==== GIVEN DATA ====

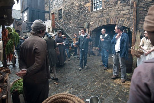 Gavin Struthers centre with coffee was the DoP“18th Century London was very dirty, noisy and smokey but in designing the ‘look’ it was important to remember the TX slot, this was a Sunday night BBC1 show, it had to sit comfortably in that slot but push boundaries, something the first series did exceptionally well. I added some dutched angles where appropriate and looked to using wide lenses for closeups where possible.
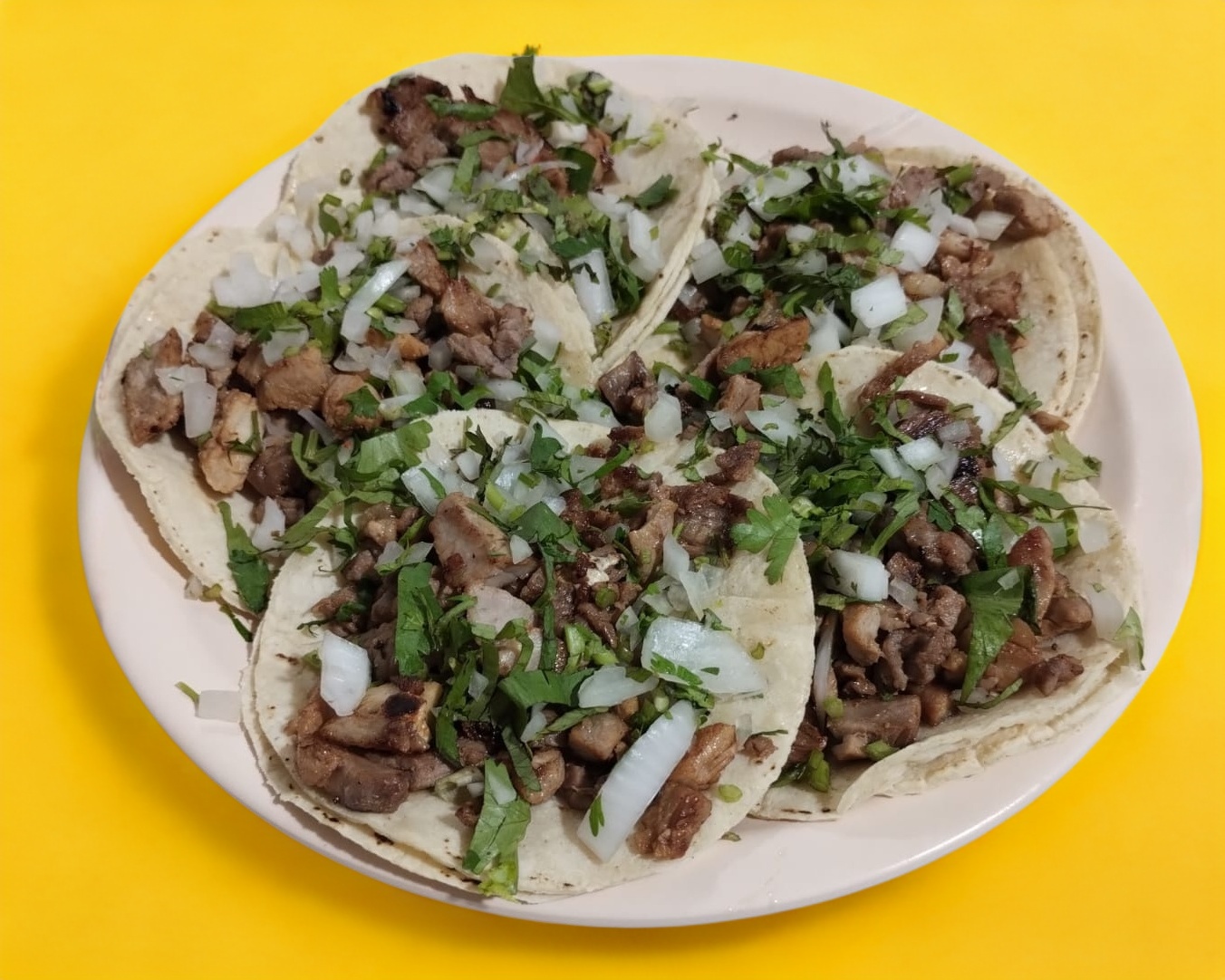 Tortilla de maíz con carne de chuleta, acompañada de cilantro y cebolla.
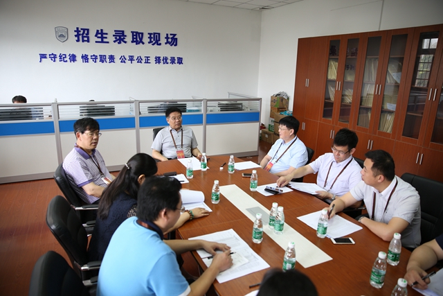 李洪天一行了解网上录取的操作流程,视察录取工作的各个环节,并听取我校2016年普高本科招生录取的最新进展情况汇报。李洪天指出,今年我校招生录取工作整体平稳,总体招生情况良好。他要求各相关部门加强协调,做好后勤保障,确保我校今年的招生录取工作顺利进行,并在招生录取工作结束后做好分析和总结工作。王仁雷指出,高考招生录取工作涉及到广大考生的切身利益,社会关注度高。他要求全体工作人员尽职尽责,增强责任感,切实落实“阳光招生”,严格规范招生程序,认真细化环节管理,不断完善监督机制,做到“零差错”,让考生和家长放心,让社会满意。程建军指出,现在是我校招生录取工作的关键阶段,各录取工作人员要以严谨的态度投入到招录工作中,确保招生工作程序规范、精确,及时发放录取通知书,圆满完成我校招生录取工作,同时要认真总结今年招生工作的得失,为明年更好地开展招生工作提供有效数据和有利对策。

====

* WHAT THE TASK ASKS
Every line of the material above must be written out exactly, with no pictures.

* RESULT BELOW
 Gavin Struthers centre with coffee was the DoP“18th Century London was very dirty, noisy and smokey but in designing the ‘look’ it was important to remember the TX slot, this was a Sunday night BBC1 show, it had to sit comfortably in that slot but push boundaries, something the first series did exceptionally well. I added some dutched angles where appropriate and looked to using wide lenses for closeups where possible.
 Tortilla de maíz con carne de chuleta, acompañada de cilantro y cebolla.
 李洪天一行了解网上录取的操作流程,视察录取工作的各个环节,并听取我校2016年普高本科招生录取的最新进展情况汇报。李洪天指出,今年我校招生录取工作整体平稳,总体招生情况良好。他要求各相关部门加强协调,做好后勤保障,确保我校今年的招生录取工作顺利进行,并在招生录取工作结束后做好分析和总结工作。王仁雷指出,高考招生录取工作涉及到广大考生的切身利益,社会关注度高。他要求全体工作人员尽职尽责,增强责任感,切实落实“阳光招生”,严格规范招生程序,认真细化环节管理,不断完善监督机制,做到“零差错”,让考生和家长放心,让社会满意。程建军指出,现在是我校招生录取工作的关键阶段,各录取工作人员要以严谨的态度投入到招录工作中,确保招生工作程序规范、精确,及时发放录取通知书,圆满完成我校招生录取工作,同时要认真总结今年招生工作的得失,为明年更好地开展招生工作提供有效数据和有利对策。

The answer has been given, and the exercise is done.